* Data block:
◇ ◇ ◇ ◇ ◇ ◇ ◇
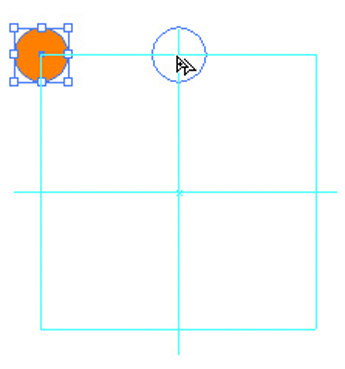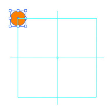 使用选择工具选中绘制好的圆形,按住Alt键进行拖动,将圆形的中心点拖曳至辅助线的交叉点上对齐后,松开鼠标,圆形被复制。
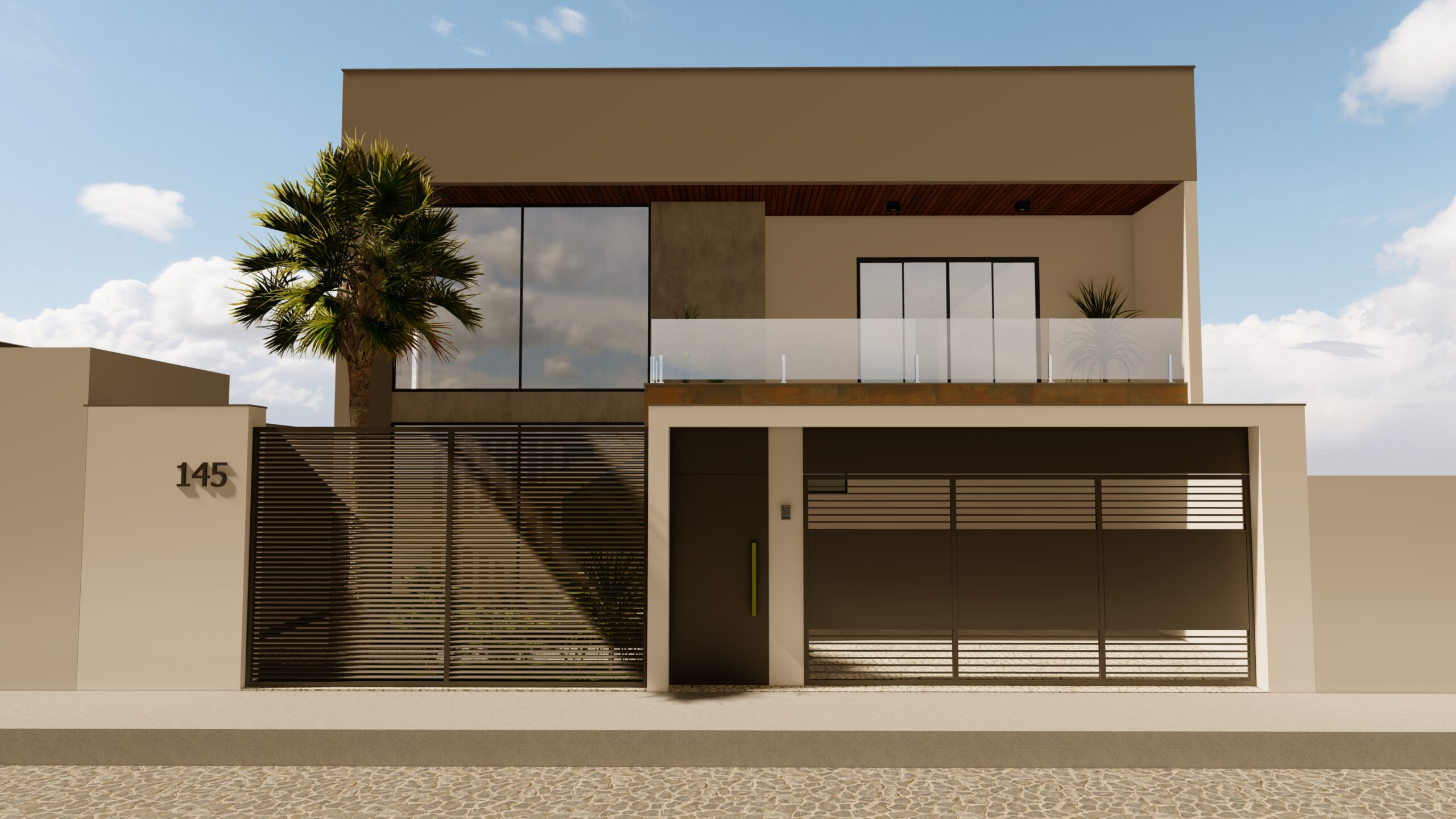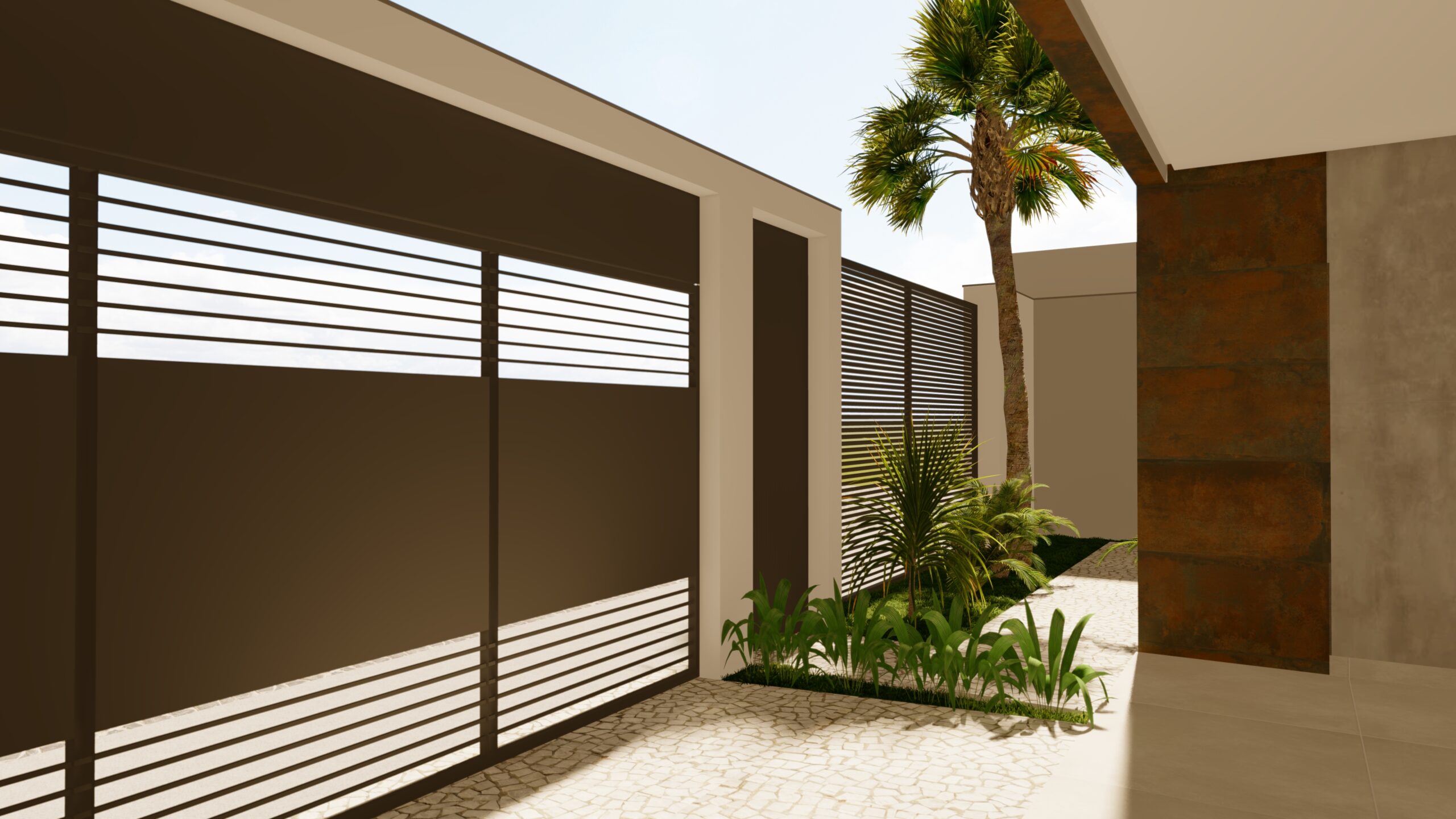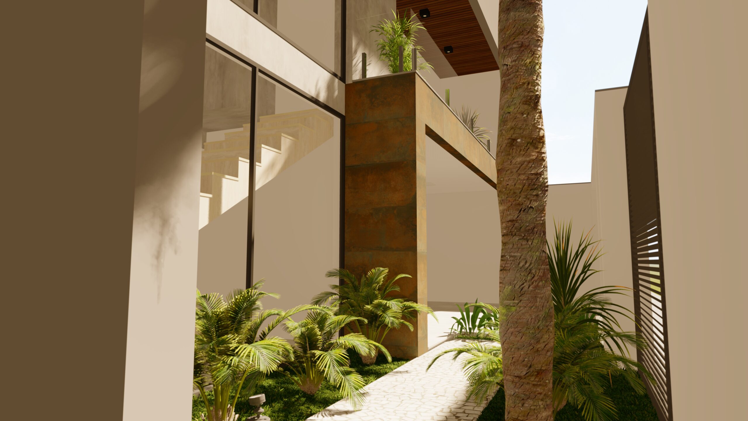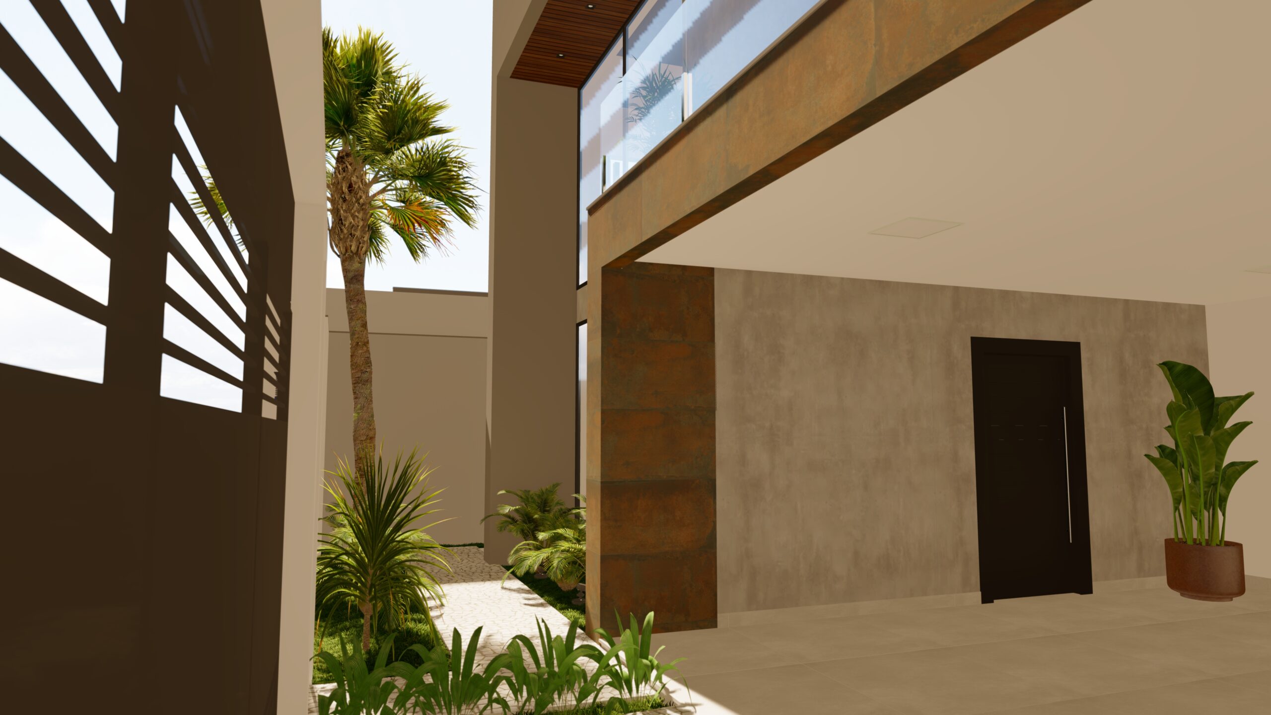 CASA BOX Base minimalista, design de linhas retas, vidro e aço corten para quebrar a paleta monocromática.
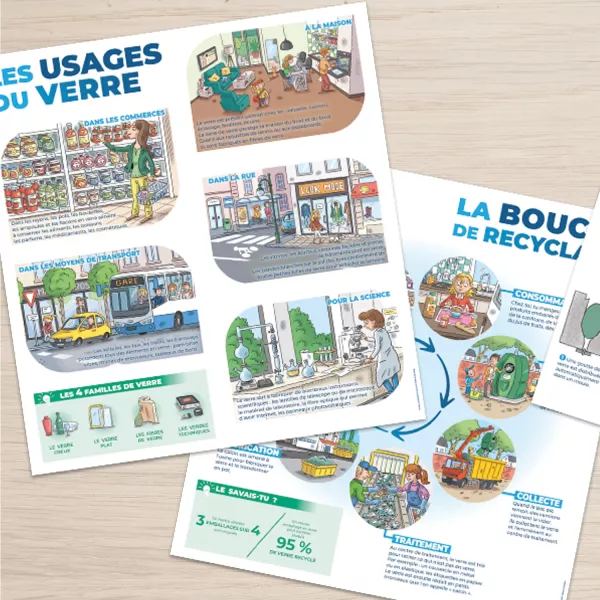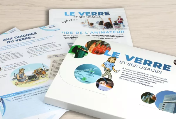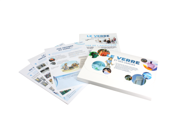 Pour faire découvrir le verre, vous est proposé deux kits pédagogiques. L'un explore l'origine, la fabrication, les usages du verre. L'autre traite plus spécifiquement des enjeux environnementaux et des processus de recyclage. Ces outils sont conçus pour enrichir les connaissances des élèves de manière pratique et ludique.
◇ ◇ ◇ ◇ ◇ ◇ ◇
* Exercise directions:
Return the whole listing, word for word, and leave out every picture.

* Answer to this task:
 使用选择工具选中绘制好的圆形,按住Alt键进行拖动,将圆形的中心点拖曳至辅助线的交叉点上对齐后,松开鼠标,圆形被复制。
 CASA BOX Base minimalista, design de linhas retas, vidro e aço corten para quebrar a paleta monocromática.
 Pour faire découvrir le verre, vous est proposé deux kits pédagogiques. L'un explore l'origine, la fabrication, les usages du verre. L'autre traite plus spécifiquement des enjeux environnementaux et des processus de recyclage. Ces outils sont conçus pour enrichir les connaissances des élèves de manière pratique et ludique.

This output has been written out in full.